Objectives: This study investigated the frequency of glomerular dysfunction in children with beta thalassaemia major (β-TM) by using different markers and correlating them with serum ferritin and iron chelation therapy.
Methods: The study, carried out between August 2011 and May 2012, included 100 patients with β-TM, in two groups. Group Ia (n = 62) received chelation therapy (deferoxamine). Group Ib (n = 38) received follow-up care at the Pediatric Hematology Outpatient Clinic, Minia University Children's Hospital, Egypt. Group II included 50 apparently healthy controls, age- and sex-matched to Group I. All patients underwent a thorough history-taking, clinical examination and laboratory investigations.
Results: Compared to Group II, Groups Ia and Ib had significantly higher levels of cystatin C, serum creatinine and serum ferritin, and a higher albumin/creatinine ratio in their urine, and a significantly lower estimated glomerular filtration rate (eGFR) and creatinine clearance (P <0.05). Moreover, Group Ia had a significantly lower eGFR and creatinine clearance than Group Ib. Cystatin C had a highly significant strong negative correlation with eGFR and creatinine clearance and a significantly strong positive correlation with serum ferritin, and a higher sensitivity and specificity than serum creatinine and creatinine clearance for small changes in GFR.

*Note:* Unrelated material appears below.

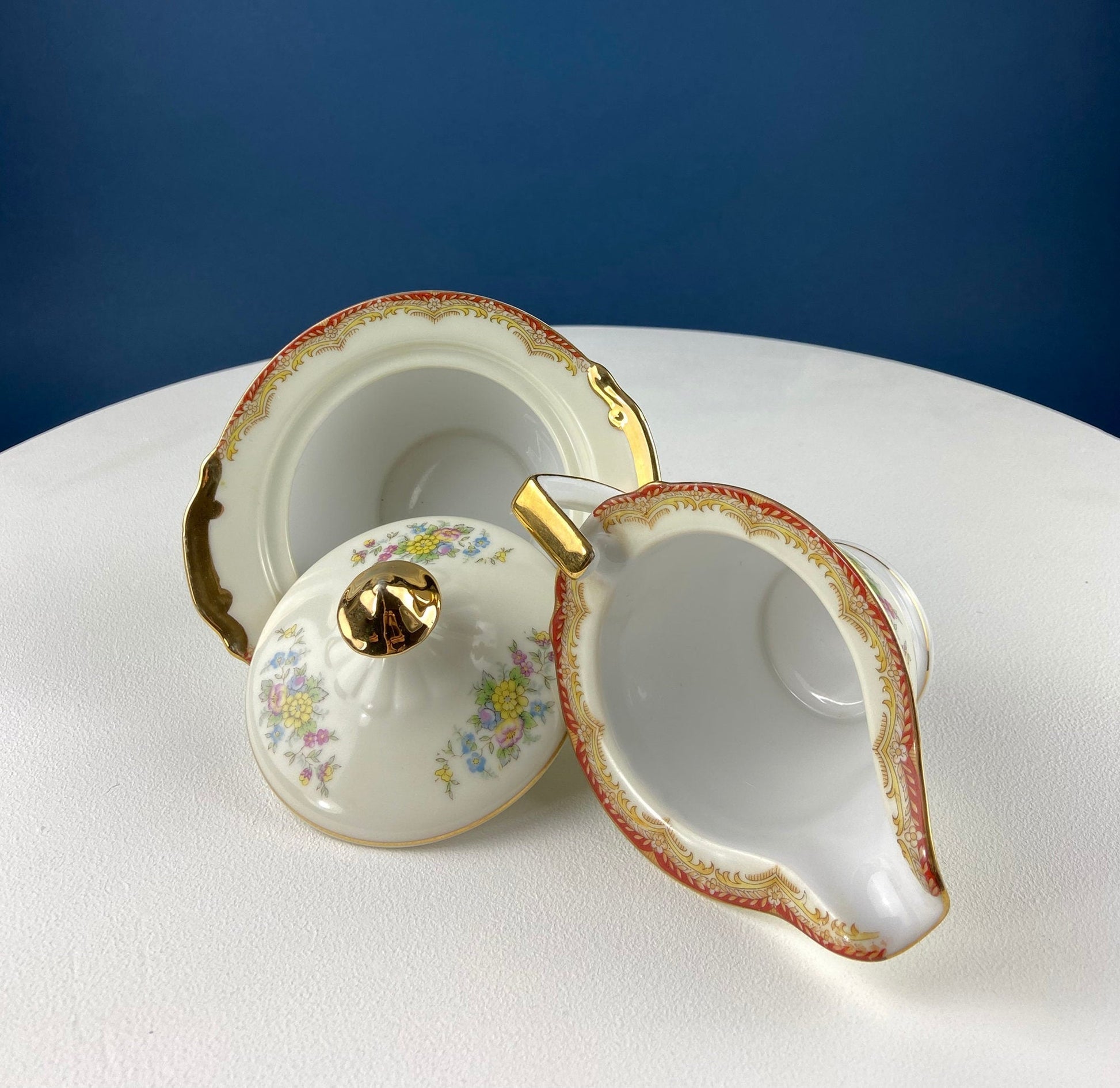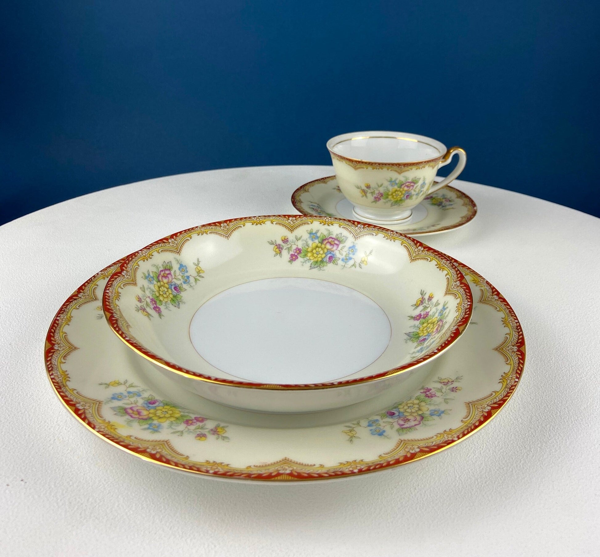 Vintage Dinner Set with Yellow and Red Band and Flower Garlands. Kikusui China: 8 Dinner Plates, 8 8" Salad Plates, 6 Soup Plates, 4 Cups and Saucers, with Matching Creamer and Sugar Bowls/Jars. Exquisite Dining and Serving. Wedding Registry. Very Good Condition. Marked by the Manufacturer.

Conclusion: β-TM patients had a high frequency of glomerular dysfunction-possibly attributable to chronic anaemia, iron overload or chelation therapy. Periodic renal assessment is mandatory to detect renal complications. Cystatin C is a promising marker to monitor glomerular dysfunction, having a higher sensitivity and specificity than serum creatinine and creatinine clearance for small changes in GFR.
Keywords: Abnormalities, glomerular; Chelation Therapy; Cystatin C; Egypt; beta-Thalassemia.